Hundreds of veterans and their families attended the first flight, as did people who had heard about the expeditionists’ wild excursion to Greenland, their incredible tale of lifting the airplane — piece by piece — from 268 feet of ice, and their dedicated restoration effort.
When the team members headed to Greenland, they followed in the footsteps of 12 teams that had previously tried to locate the plane. Shoffner’s team found success using a global positioning system to locate the aircraft’s general vicinity and low-frequency radar to pinpoint the exact location.
The team recovered the aircraft on July 15, 1992, exactly 50 years from the day when the plane was forced to land due to poor weather conditions and shortage of fuel. Lt. Brad McManus, who was flying the plane when it crashed on the ice cap in 1942, was on hand five decades later for the recovery celebration.
The expeditionists spent 14 weeks in Greenland, using a specially designed melting unit to reach the aircraft 27 stories below.

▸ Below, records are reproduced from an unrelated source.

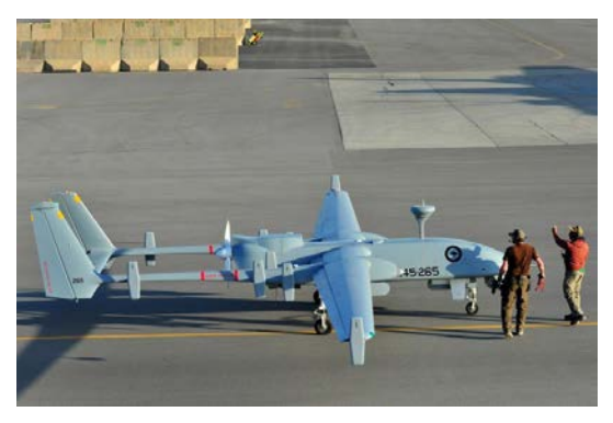
Figure 2.6 – Heron UAV<sup>38</sup>

In October 2014, the former Minister for Defence announced that Air Force would be returning a limited Heron-1 capability to Australia following the end of its mission in December 2014. Australia will operate two Heron-1 platforms in Australia to support the integration of complex UAS into the Australian environment. The repatriation will also support the retention and development of tactics and procedures for overland ISR gained during four years of Heron operations in Afghanistan.<sup>37</sup>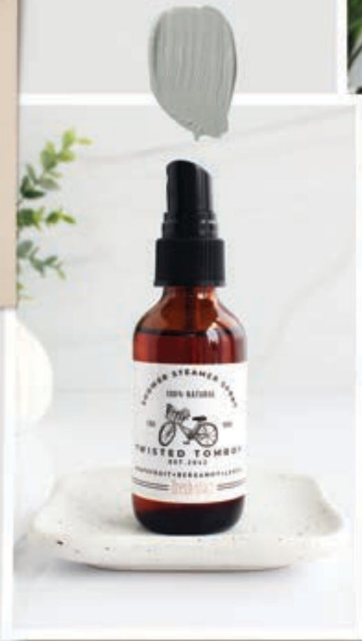
SHOWER STEAMER SPRAY

100% essential oil blend - no fillers! Spray 1-2 pumps into the steam of the shower and enjoy! (2 oz.)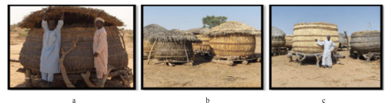
Figure 11. The Rhumbu Granary in Northern Nigeria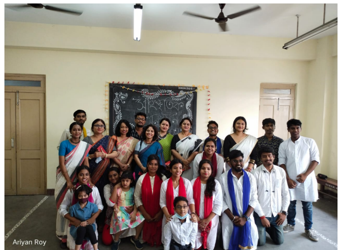
of other faculty members of DDMRM. Also, some beautiful Photographs were clicked at the end which will be cherished by the

The Head and the other Faculty members of the Geography Department arranged a beautiful cake for the lovely studentsthat had been cut by the teachers and students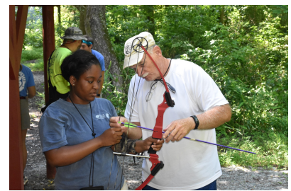
PHOTO RELEASE STATEMENT

By submitting photographs to the Georgia 4-H Photo Contest (either on your own or through your local County Extension Office), you certify that you are the individual who took the photograph(s) submitted, that you own the copyrights to the photographs and that you have the authority to enter into this release. You release Georgia 4-H from any liability that arises from the use of the photographs except for uses that violate the terms and conditions of this release. You agree to work in good faith with Georgia 4-H to promptly resolve any problems or disputes that may arise due to your submission of the photographs. By entering your photographs in the Georgia 4-H Photo Contest, you grant Georgia 4-H the royalty-free and non-exclusive right to use your photographs as follows: (i) on the Georgia 4-H/Georgia 4-H Foundation websites; (ii) for Georgia 4-H/Georgia 4-H Foundation posters, brochures, activity guides, and/or any other printed or electronic publications; (iii) in Georgia 4-H/Georgia 4-H Foundation electronic emails; (iv) and in any other internal or external marketing materials or media coordinated by Georgia 4-H/Georgia 4-H Foundation. You further waive the right to inspect or approve the final use of your photographs by Georgia 4-H/Georgia 4-H Foundation.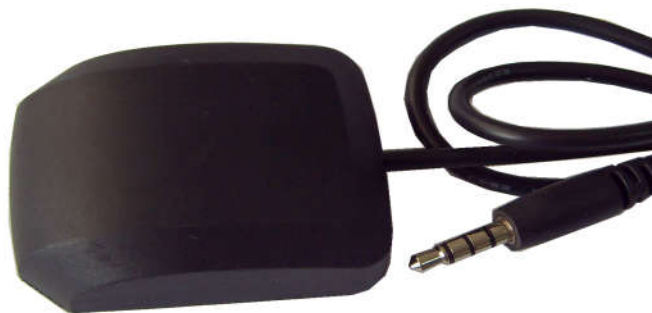
Figure 1: SKM51D Top View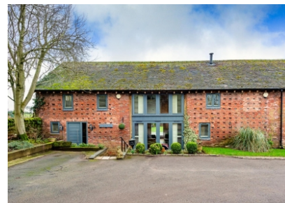
Clee View Barn, Westbeech Road, Patttingham, Wolverhampton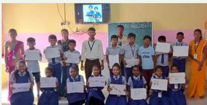
Students participating in poster making competition held to mark Veer Baal Diwas.

Ministry of Education in collaboration with MyGov also organised an interactive online quiz curated by CBSE which saw the participation of more than 1.3 lakh people nationwide. Students acquainted themselves with the inspiring lives and noble deeds of Sahibzadas.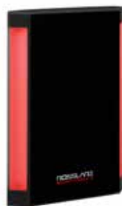
Illuminated CSN SELECT™ Smart Card Reader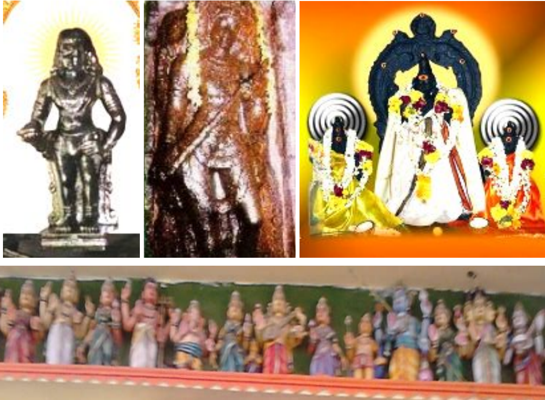
Poonjar Shaasta, Lalgudi Veena Dakshinamurthi; Melapattam Vidya Shaasta

The next stage in the transition is seen as the eschewing of the Veena aspect retaining the pure Jnaana aspect alone with the generic name of Dakshinamurthi. In the Shaiva-Vaishnava temple of Cumbum, Tamilnadu enshrining Kashi Vishwanatha-Kambaraya Venkatesha, one can see the shrine of 'Kamandala Dakshinamurthi', very similar to the Veerasana posture of Dharma Shaasta including the band (Verea Pattai), as well as left hand pointing towards the Lord's feet.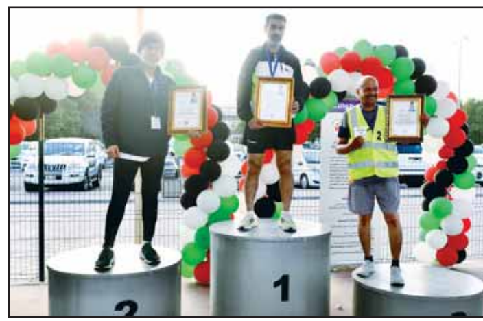
Winners among men at the podium.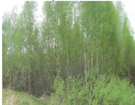
2021. General view

Once that feat was accomplished, the team used a special water pump to move water away from the aircraft so it could dissemble it down below. And it used specially designed gantries to lift the pieces up one by one. All 35,000 of them.
The aircraft arrived at Shoffner’s hangar at the Middlesboro Bell County Airport in late October 1992. For the next 10 years, a team of 12 mechanics with experience working on World War II planes restored the aircraft to its original glory.

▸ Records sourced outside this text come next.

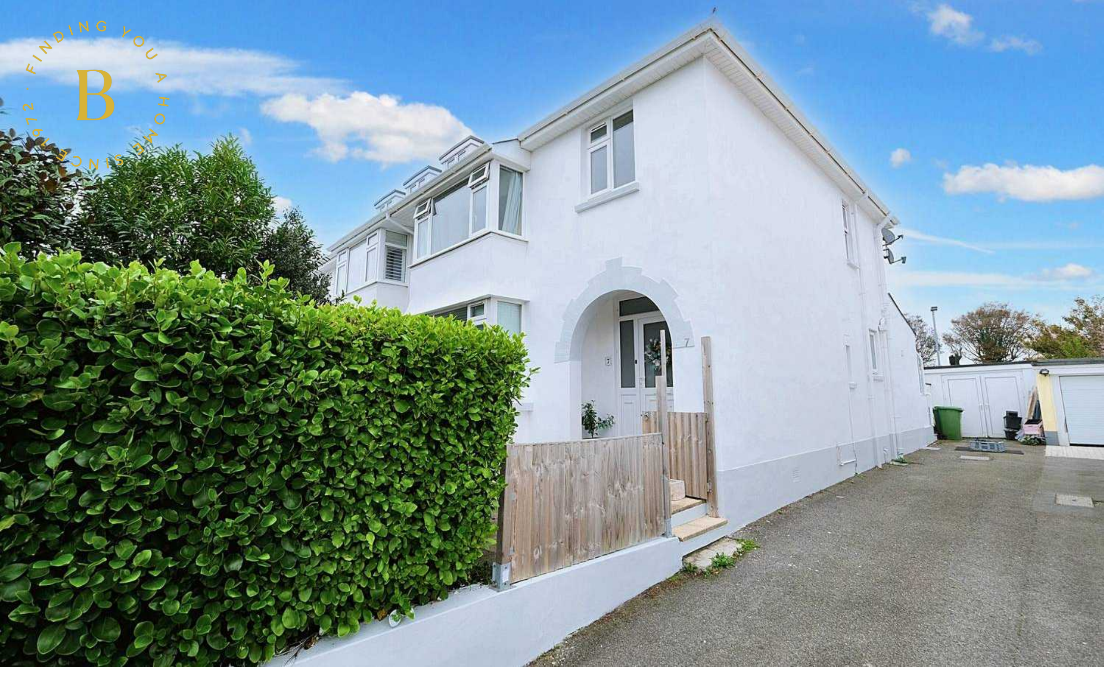
7 Highfield Villas La Pouquelaye, St. Helier £749,000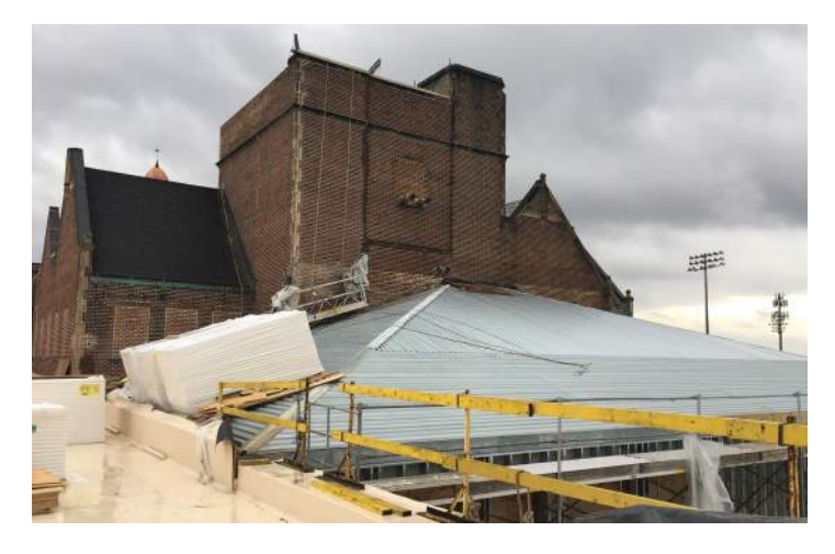
Area C Gable Roof Installation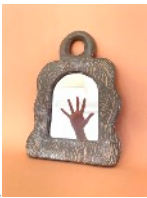
34. Wild Mirror (2023) Glazed stoneware, mirror $140

“This is a one-of-a-kind aircraft, the only P-38F in the world,” said Bob Cardin, who served as project manager for the recovery and restoration and now is curator of The Lost Squadron Museum where the aircraft is on display in the same hangar where it was restored.

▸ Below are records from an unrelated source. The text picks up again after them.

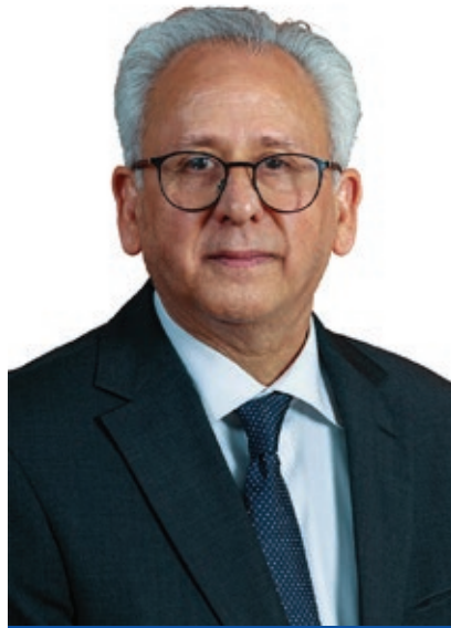
Prof F Cachalia

I t is a profound honour to support the 2026 South African Police Service (SAPS) National Excellence Awards.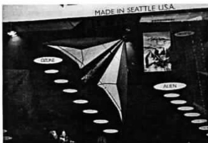
Prism Ozone, KTA display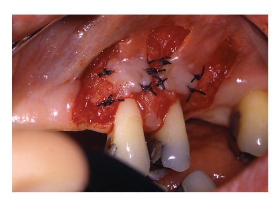
Fig. E-1c: Pedicle grafts repositioned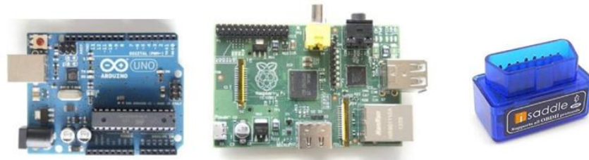
Figure 1. From left to right: An Arduino Uno [4], a Raspberry Pi [4], iSaddle Bluetooth OBD-II Scanner[5]

The Raspberry Pi is an inexpensive credit-card sized computer, that has 700Mhz processor, 512MB of SDRAM, on board Ethernet, HDMI and RCA interfaces, a dual USB connector and an SD card slot. In addition it maintains an array of input/output pins that make the Raspberry Pi extraordinarily conducive to tinkering and device innovation [6].

Cardin noted that the aircraft was 62 days old with only 74 hours of flight time when it crashed. It is the only one in existence from the beginning of the war, and it has the only complete set of P-38 guns in the world. It also has its original ammunition.
“We recovered not only an airplane, but an artifact from World War II,” he said. “This is a symbol of the freedoms we have today and the tool used to guarantee us the preservation of those freedoms.”
Today, the Lockheed-built relic is on display at the unassuming Lost Squadron Museum. In the near future, it will move to a new home at the same airport — a museum built for the project by the state of Kentucky.
“Veterans react with a tremendous amount of pride and emotion when they see Glacier Girl,” Cardin said.
“The first time a fella came in and said, ‘That thing saved my life,’ I knew we had done something good.”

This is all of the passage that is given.